In fact, with greater participation, there was an expectation greater engagement would result. It did not. For a very obvious reason.
An employee accepts the default investment option because they’re predisposed to not thinking about the “hard stuff” (i.e., investments) of their retirement plan. If employees don’t want to think about their retirement plan, why would they ever want to “engage” with it? They won’t.
For years, many considered this lack of engagement a bad thing. It was hoped more engagement would lead to more savings, better financial decisions, and a more comfortable retirement.

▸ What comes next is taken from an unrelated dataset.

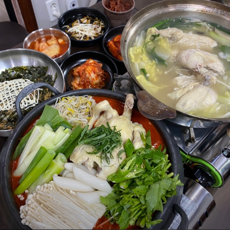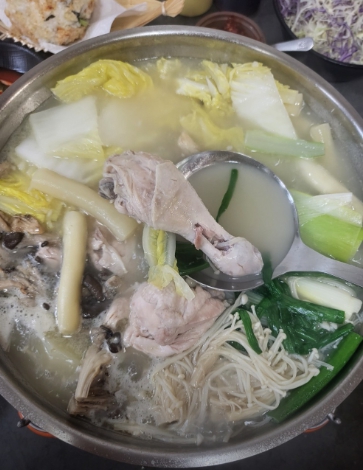 - 메뉴 소개: 신선한 닭 한 마리가 통째로 들어가며, 진하고 깊게 우려낸 육수에 부추, 감자 등 채소를 곁들여 끓여 먹는 보양 전골 메뉴입니다.

This may be all well and true. The push for greater financial literacy is a noble one and we must continue to pursue it.
But understanding personal finances and engagement in one’s retirement plan are not necessarily the same thing.
It turns out, that may be a good thing.
The greatest fear of the financial industry is people buying high and selling low. Wild gyrations in the market (both on the upside and the downside) can lead to this detrimental behavior.
The common advice professionals offer during periods of headline-making volatility is “turn off the TV and don’t read the newspaper.” More directly, they say to ignore the short-term swings because retirement investing is a long-term proposition (even when you’re retired).
Maybe all that lack of engagement helps employees ignore the market’s impact on their retirement savings. This becomes a major advantage of the “forget it” part of “set it and forget it.”
Perhaps those 401(k) do-it-yourselfers might want to take a lesson from their less engaged peers when it comes to reacting to market volatility.